▶ **Aim of the exercise**
Repeat exactly the stretch of lines that starts with the one containing "для ручного душа;" and ends with the last line of the material. Leave out pictures.

▶ **Data below**
====

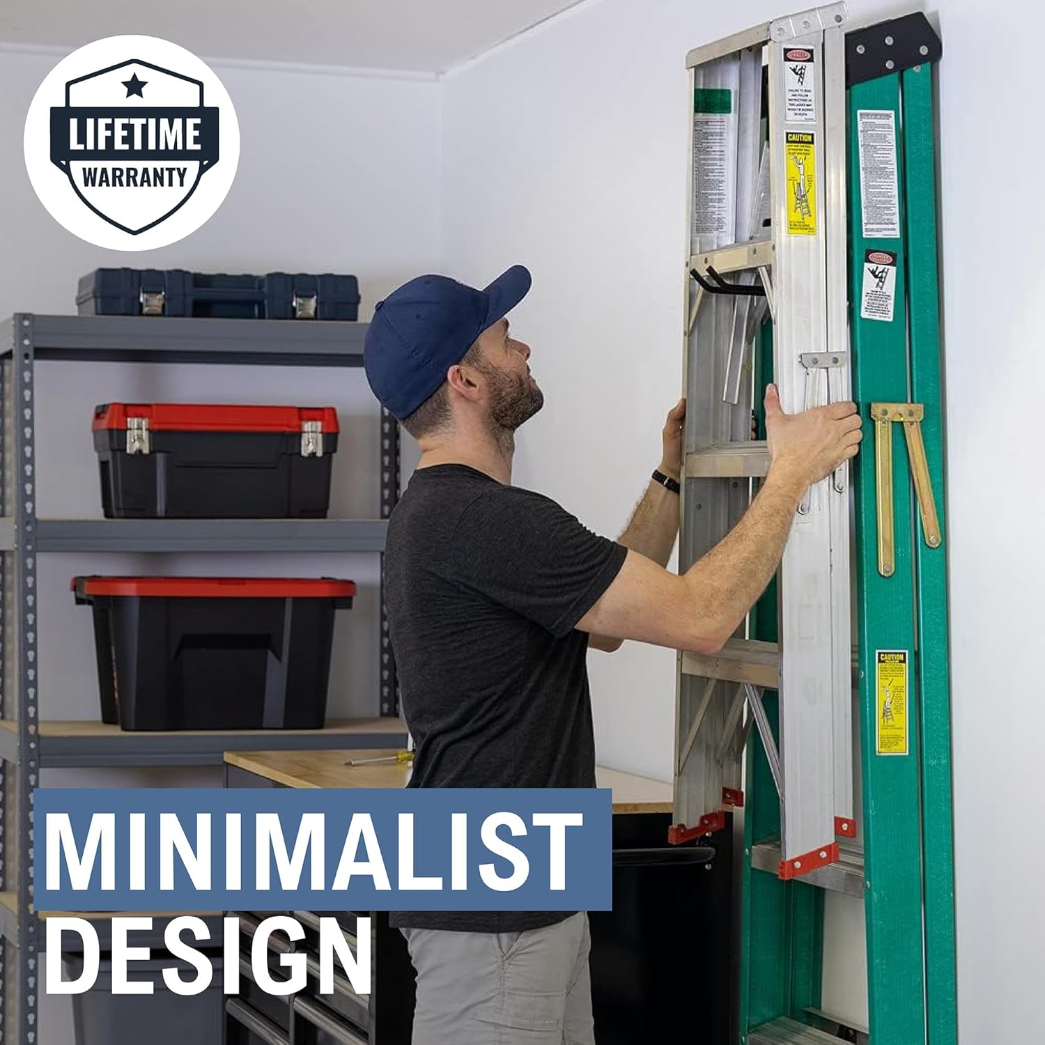 - Space-Saving Ladder Hanger – Clear your garage floor of tripping hazards. This ladder storage hook mounts directly to your garage wall, turning wasted wall space into a clean, organized zone.
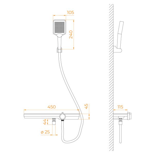 • Держатель из прочного ABS-пластика для ручного душа;
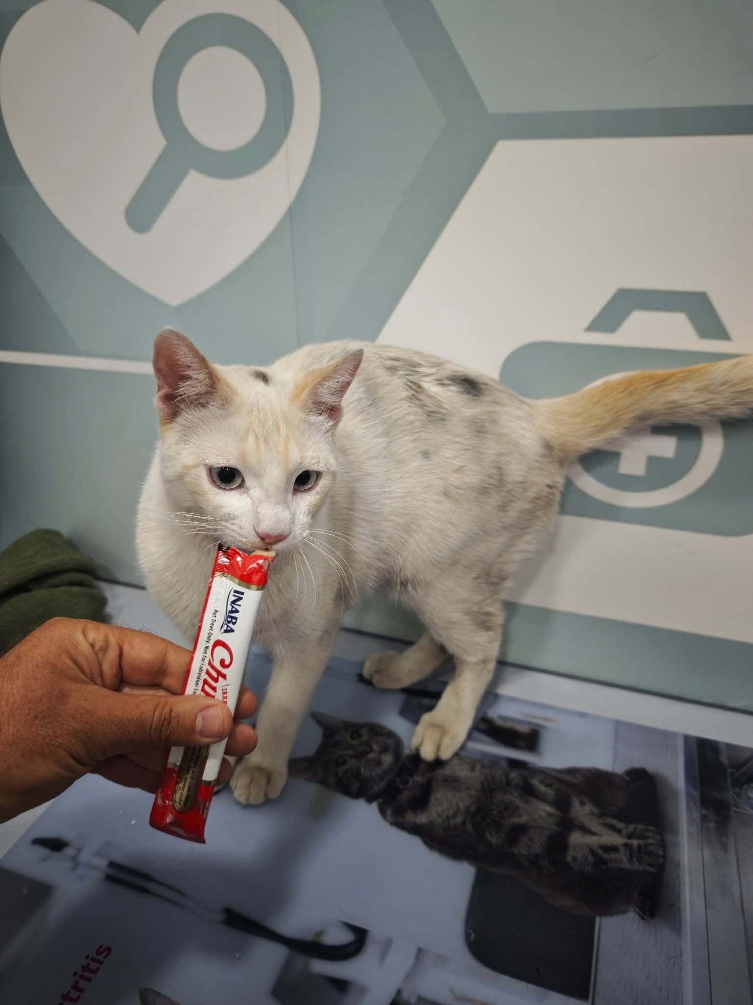 Detalles: | GATO BLANCO CON MANCHAS (No me deja subir foto) muy manso, encontrado junto al centro de salud. Muy bien cuidado, entra solo en el transportin, sin castrar. |

====

▶ **Response area**
 • Держатель из прочного ABS-пластика для ручного душа;
 Detalles: | GATO BLANCO CON MANCHAS (No me deja subir foto) muy manso, encontrado junto al centro de salud. Muy bien cuidado, entra solo en el transportin, sin castrar. |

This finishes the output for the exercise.